- _Dataset extract_:

------------

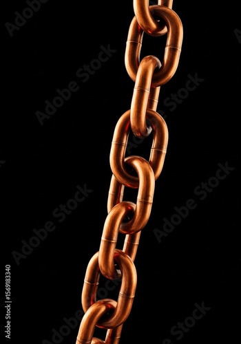 © ThanhLuan, Obraz premium 검은 배경에 빛나는 구리 사슬 매끄럽게 이어져 강인함 표현
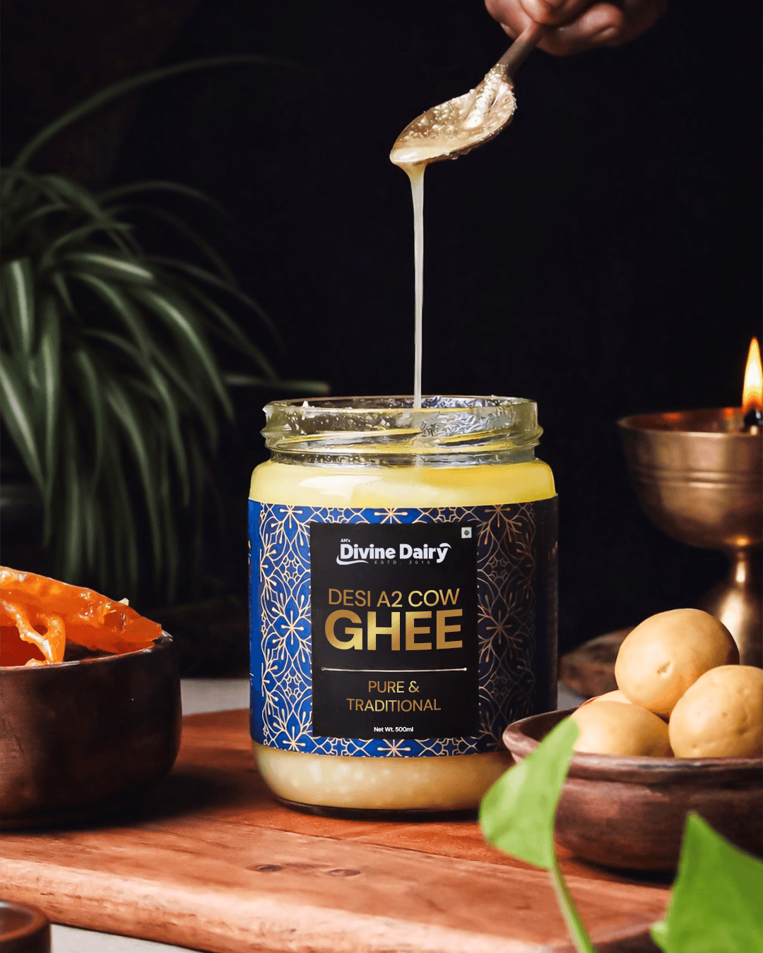 Work spanned the complete brand system — logo refinement, business card design, brand guidelines, product packaging (ghee jars, flavoured curd containers, A2 product range), and social media campaigns. Hero campaign lines like "Made to Devour," "Love Every Bite," and "Purity You Can Trust" were translated into scroll-stopping visuals that made the product impossible to ignore.
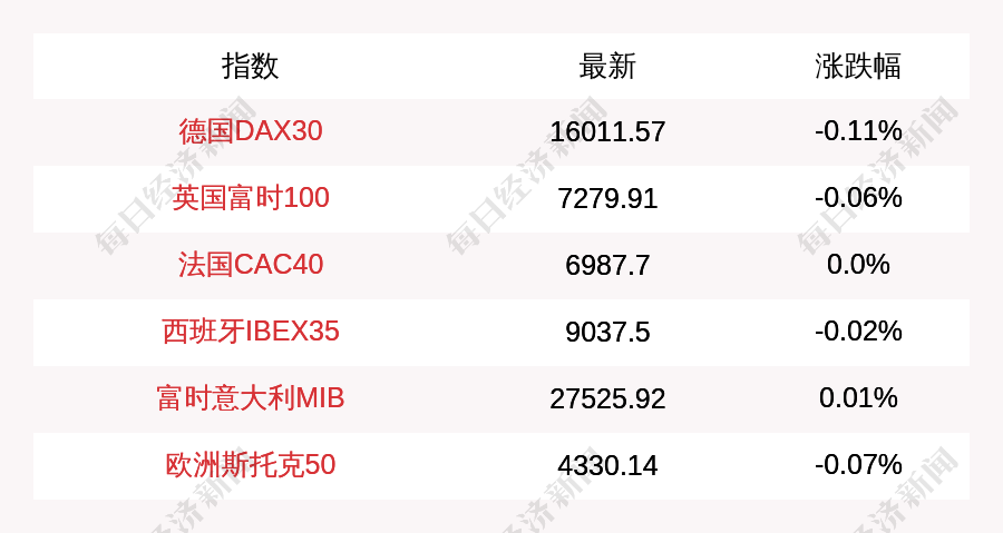每经AI快讯,德国DAX30指数开盘下跌18.08点,跌幅为0.11%;英国富时100指数开盘下跌4.15点,跌幅为0.06%;法国CAC40指数平开;西班牙IBEX35指数开盘下跌1.9点,跌幅为0.02%;富时意大利MIB指数开盘上涨3.87点,涨幅为0.01%;欧洲斯托克50指数开盘下跌3.2点,跌幅为0.07%。

------------

- _Task objective_: Beginning at the line that contains "Work spanned the", transcribe it and every later line through the last line of the data above, exactly, and drop the pictures.

- _Solution to this task_:
 Work spanned the complete brand system — logo refinement, business card design, brand guidelines, product packaging (ghee jars, flavoured curd containers, A2 product range), and social media campaigns. Hero campaign lines like "Made to Devour," "Love Every Bite," and "Purity You Can Trust" were translated into scroll-stopping visuals that made the product impossible to ignore.
每经AI快讯,德国DAX30指数开盘下跌18.08点,跌幅为0.11%;英国富时100指数开盘下跌4.15点,跌幅为0.06%;法国CAC40指数平开;西班牙IBEX35指数开盘下跌1.9点,跌幅为0.02%;富时意大利MIB指数开盘上涨3.87点,涨幅为0.01%;欧洲斯托克50指数开盘下跌3.2点,跌幅为0.07%。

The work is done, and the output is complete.